Your are not alone with this feeling. We would sit on the bed in the A.M. and my husband would have his cereal and my sweet Meister would wait for his share of it. We have our breakfast in the kitchen now because the hurt of him not being there is heartbreaking. You will go through many emotions and that is OK. Please write to us when you are feeling like you need a friend to share. Many hugs to you, Mary, Meisters Mom Forever
Registered: 1197839779 Posts: 1,328
For me, today, it's ice cubes. Every time I refill the water bowl for the pets, I put ice cubes in it. Bootsie would wake up or come running for his ice cubes in cold water. Today, for the first time--the ice cubes there, but no Bootsie. It is a truly heart wrenching thing. All of these things connected with memories all day long.
Registered: 1193533588 Posts: 991
I know what you mean. Molly always got to lick the bowl when I made salmon patties. One of my favorite pictures of her shows her waiting for the bowl. It was almost 7 months before I could make salmon patties. I just made them last night, and I remarked to my husband how I odd I feel just rinsing the bowl and setting it in the dishwasher.
My prayers are with you as you miss your sweet Libbie.
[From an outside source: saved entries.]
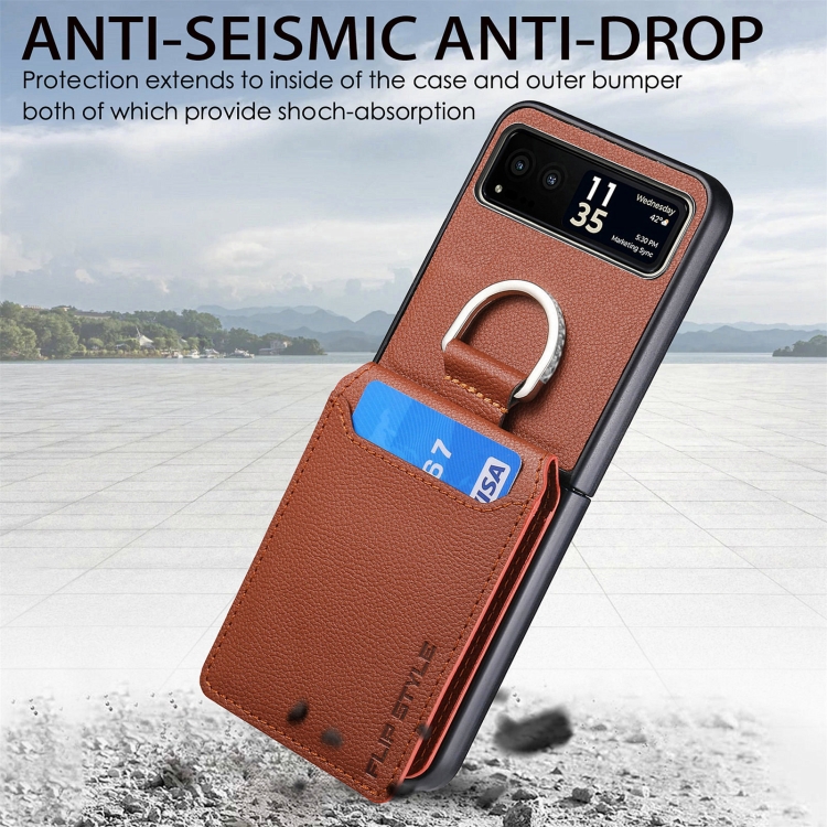 Funda para Motorola Razr 40 Litchi Texture Leather Ring Wallet Phone Case (Marrón)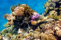 Koraalberg op de rand van het rif dak en de diepere zee. Het kenmerkt zich door de vele kleuren en de grote variatie aan vissen. Op de foto is ook een Rode Zee Doktersvis te zien. Foto is gemaakt in Marsa Alam bij het huisrif van hotel Three Corners Fayrouz.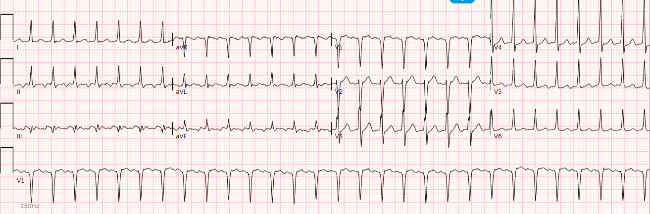 Man 69 jaar, 3 dagen ontslagen na CVA komt nu terug op SEH vanwege algehele malaise en koorts, met daarbij veranderd gedrag (anhedonie, moeheid, slaapstoornissen) en niet kunnen lopen. deze ECG is gemaakt dag na opname, is deze afwijkend?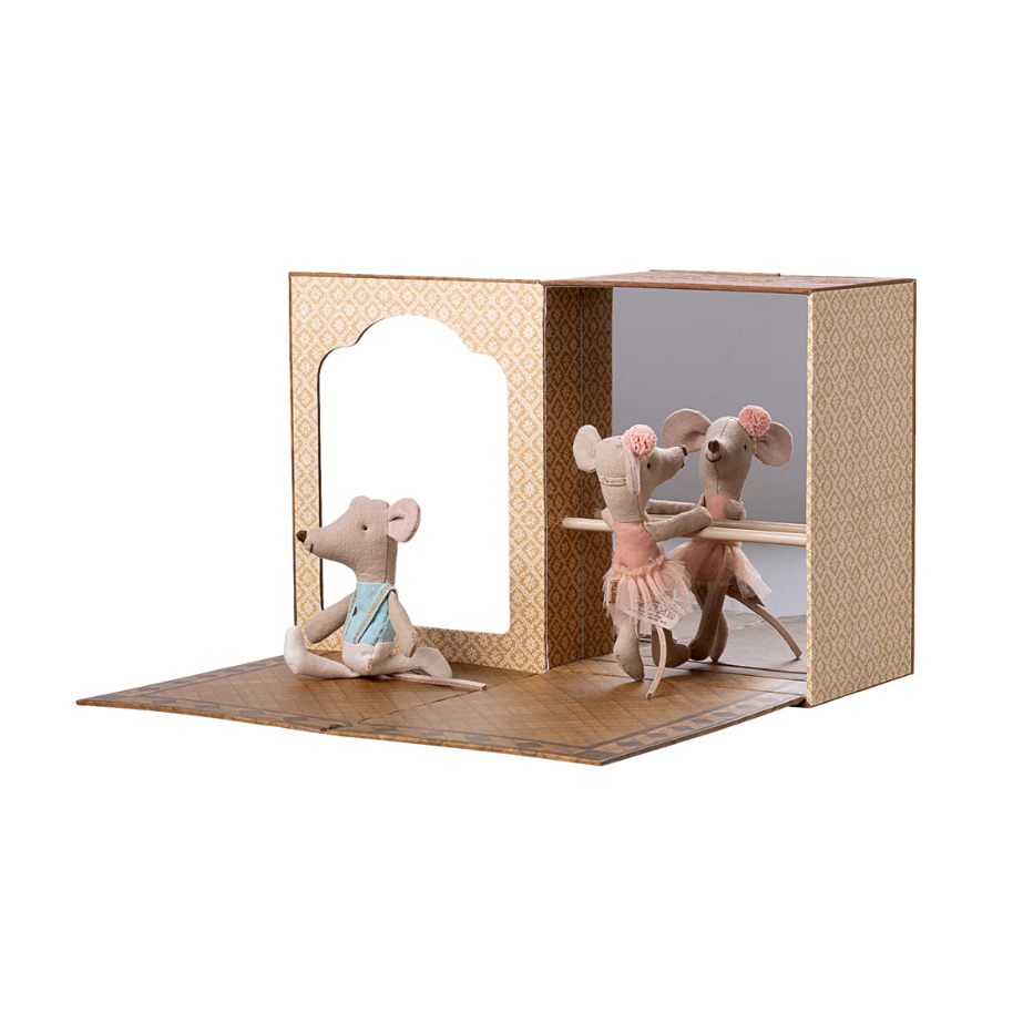 Little sister mouse is ready for her big debut! This charming ballet studio playset features a transformable design that opens to reveal a mirrored dance space complete with a magnetic barre. Two adorable ballet mice come dressed and ready to perform. Perfect for imaginative play and storytelling adventures.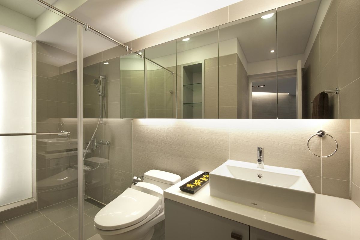 卫生间的整体设计简洁舒适,通过收纳把卫浴用品储藏起来,整个空间都呈现出舒适优雅的氛围;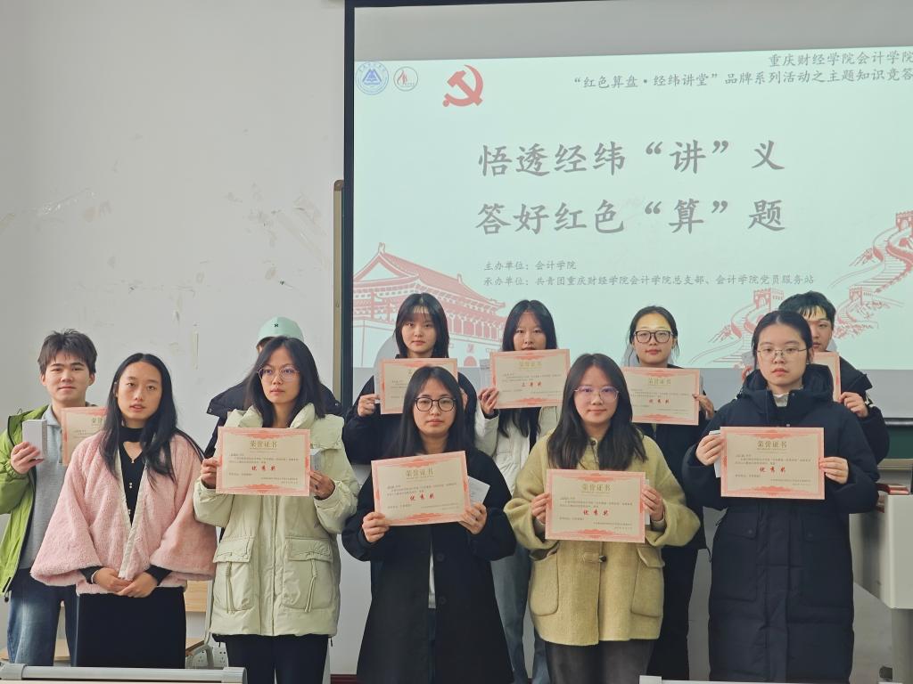 为深入贯彻落实习近平新时代中国特色社会主义思想,推动“红色基因”与财会专业教育深度融合,锤炼青年学子专业素养与创新能力,重庆财经学院会计学院党总支充分发挥政治引领与组织优势,指导学生党支部、会炬财锋服务团、党员服务站,联合教师“双带头人”工作室,开展“红色算盘·经纬讲堂”品牌系列活动。12月9日-11日,该系列活动的【经纬·融合篇】红色案例工作坊活动成功举办。会计学院学生第一党支部书记黄洁、第二党支部书记谢雨贝、专职辅导员古予馨,以及学生党员、入党积极分子、优秀学生代表等共同参与,在竞技比拼与案例研讨中夯实根基、体悟精神。

Registered: 1193376621 Posts: 168
Believe it or not one day you will look at that pb jar and smile (if through your tears). You are still in mourning. Give yourself all the time you need to grieve your loss. The happy memories
will come eventually and you will be surprised at how many things will make you smile in memory. There will be times, however, that you will still cry or feel sad. This times do become less often with time, but you will never forget.Would you want to? ------------------------- Not goodbye.....just until Marmy always comes back for you
Registered: 1201648552 Posts: 846
Oh you're so right. To this day I cannot look at or eat a carrot without losing it. I swear I'll probably be that way the rest of my life. Carrots were Gypsy and Luna's favorite treats. I understand.